Sunday, July 29, 2007
I usually don't care for practical jokes, unless, of course, I'm the one pulling the joke.
I find what many people call practical jokes are often acts of cruelty and humiliation designed to make someone look bad and feel stupid.
The "jokers" who do these things are really looking to do damage, not spread mirth. But if you don't smile and go along with it, you're told that you have no sense of humor.
There was one time, though, back when I was a teen-ager that my father and the rest of us pulled a pratical joke on our mother that actually turned out to be fun for the whole family.
First, a little background: my brother had a habit of leaving his guitar case in the living room, much to my father's displeasure. He'd tell my brother a thousand times to take that goddamn thing into your room when you're done with it and every time my brother would ignore him.
Now my sister had gone to some kind of carnival or church event and wound up winning--if that's the word--a cheap wig, complete with a plastic foam head where you could perch the thing when you no longer had the urge to wear it.
One day my father decides he's going to have a little fun. He takes my brother's guitar case, my sister's wig, and a couple of blankets and fashions a dummy on the livingroom couch.
My mother comes home and he tells her that this "person" is a friend of my sister's who stumbled into our home and promptly passed out on the couch.
"I think she's on drugs," he tells my mother in an ominous tone.
My mother went back to her room, presumably to wring her hands, and then my father grabbed each of us as we came into the house and told us of his little con game.
Now bear in mind this was my dad--the leader of the family, the one who is expected to be responsible and mature--pulling this stunt. Sometimes it's difficult for me to get my head around that, even after all these years.

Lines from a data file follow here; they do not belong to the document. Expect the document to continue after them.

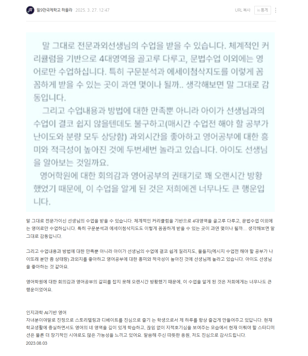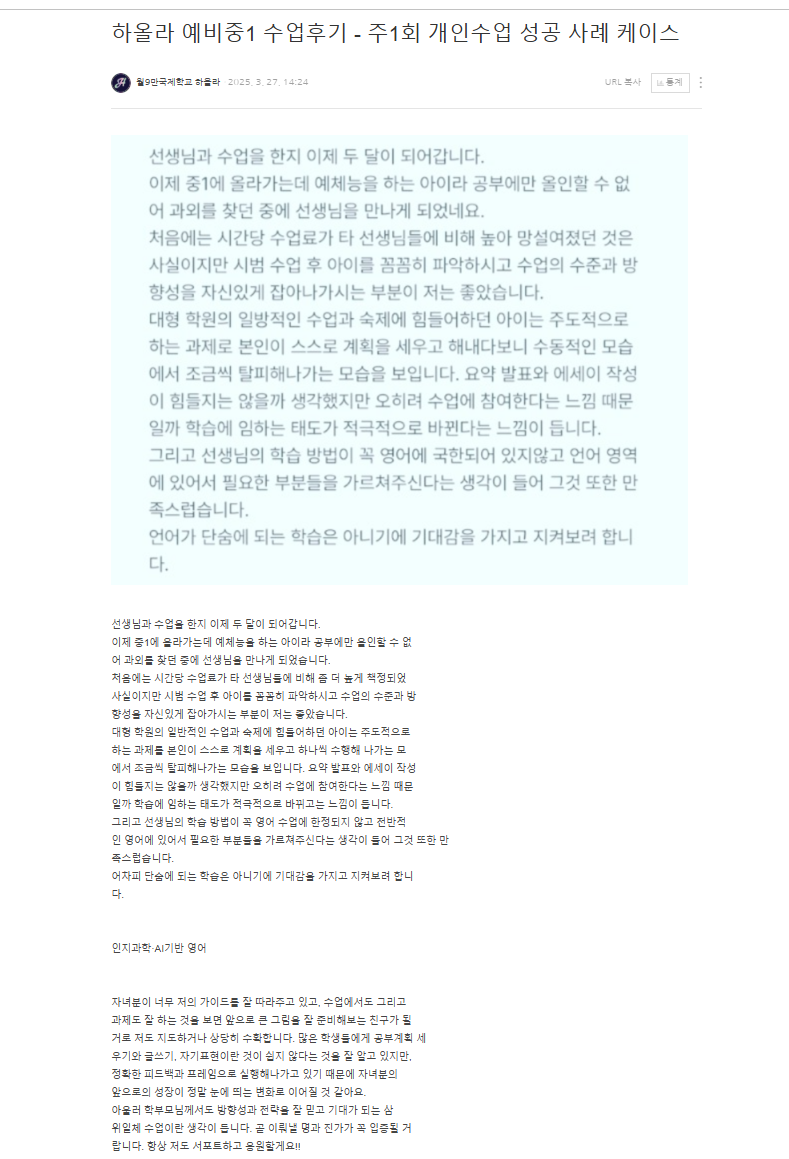 하올라 영어논술 강점 수업후기 - 성공 사례 케이스
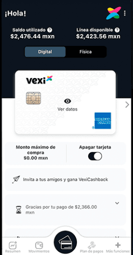 App muy fácil de usar para gestionar las tarjetas (Vexi App)
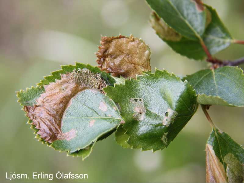 Lauf birkitrés með einkennandi ummerkjum eftir lirfur birkikembu. Mógilsá í Kollafirði 11. júní 2012. Ljósm. Erling Ólafsson.
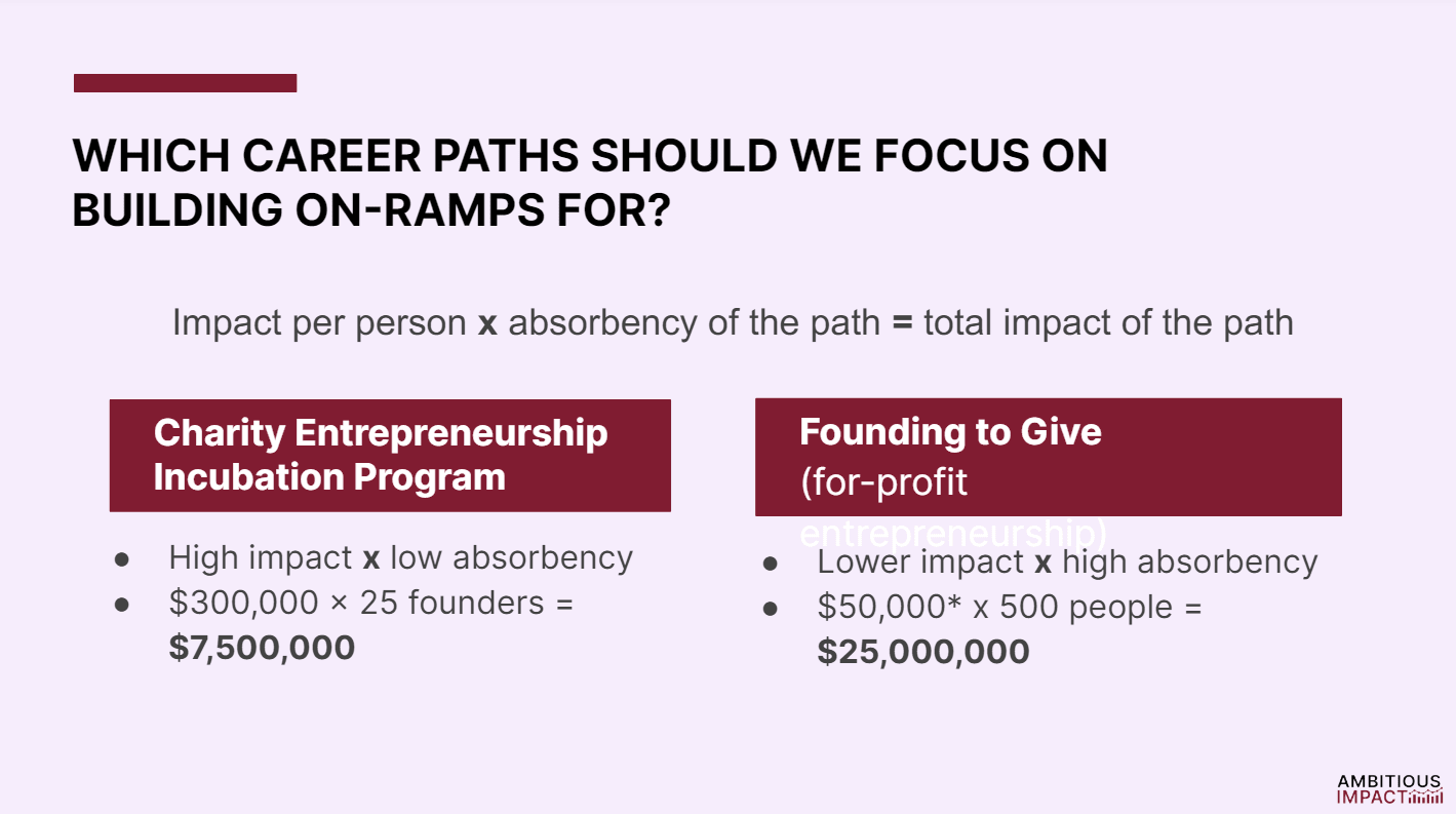 The first question we have to ask here is, what career paths do we actually want to focus on when it comes to building these on-ramps? We have a couple different factors that we can look at, some of which the EA movement already thinks about a lot, and some of which EA typically neglects. To model the total impact of a career path, you can think about the impact per person times the absorbency of the career path. The absorbency of the career path is the thing that I think categorically we tend to neglect or forget about. To illustrate this I’ll use two examples, Charity Entrepreneurship and Founding to Give.

I assume my father had a job at the time, so this fiasco happened either on a Saturday or a national holiday, because normally he wouldn't have been home at that time to wreak all this havoc.

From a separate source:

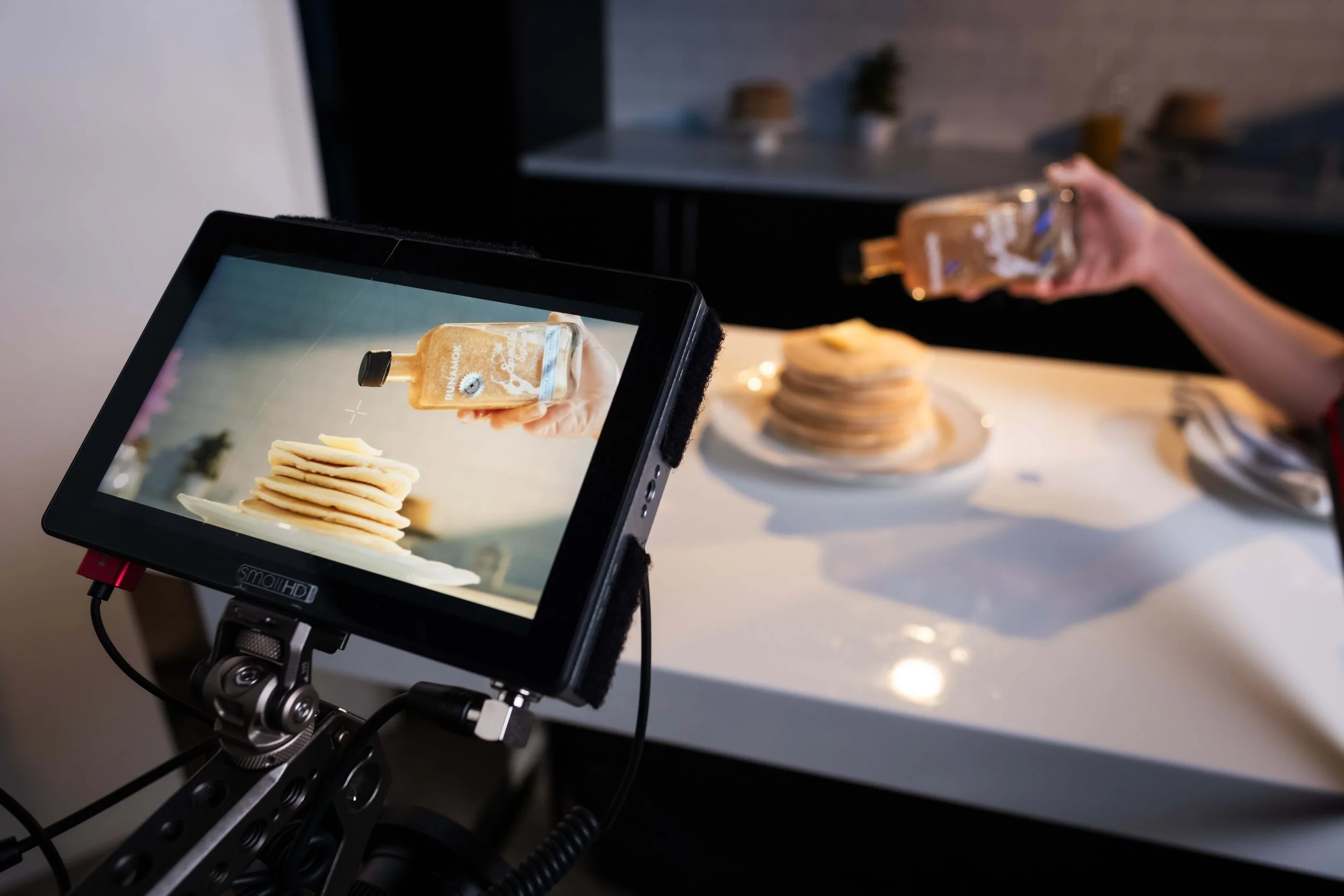 The concept for Runamok’s Sparkle Syrup was to highlight its playful, magical quality, treating the bottle like a performer on stage. Positioned center stage in the spotlight, the product became the focus of a carefully orchestrated visual story. During the dolly push, a dynamic lighting cue transformed the scene from a bright, sunlit morning into a theatrical stage environment, casting a dramatic spotlight that accentuated the suspended sparkles in the syrup. The one creative requirement - showing the bottle being shaken upside down - was integrated seamlessly, revealing how to activate the glittering effect while adding an energetic, interactive moment. By pairing theatrical lighting with this playful action, we crafted a piece that celebrated Runamok’s sense of fun while elevating the syrup with theater, charm, and delight.

It's interesting to note that my mother, who loved old horror movies, had a particular interest in any spooky story involving ventriloquists and their dummies.
These particular tales all pretty much have the same plot line: the dummy takes over the ventriloquist's personality. You find this in such films as Dead of Night, Magic, an episode of "The Twilight Zone" with Cliff Robertson and God knows how many other movies, plays, radio shows, and so forth.
I don't these stories have much to offer. Once you know it's a horror story involving a ventriloquist, you've got to figure that it's going to be about the dummy coming to life and taking over the hero's personality. But my mom still loved them.
I had my own run-in with a ventriloquist and his dummy. Years ago, while a reporter in Pennsylvania, I covered a public safety lesson at one of the area grammar schools.
The presentation was being given by a ventriloquist and his dog puppet, who was dressed up like a cop and went by the name, I believe, Canine Doggie Dude.
It was a good show for the kids. Instead of lecturing them on how to behave, the dog deliberately got things wrong, forcing the students to correct him.
When asked how he should behave on the bus, Canine Doggie Dude shouted, "I jump up and down all over the place!" Whereupon the children shouted at him and told him he had to behave on the bus.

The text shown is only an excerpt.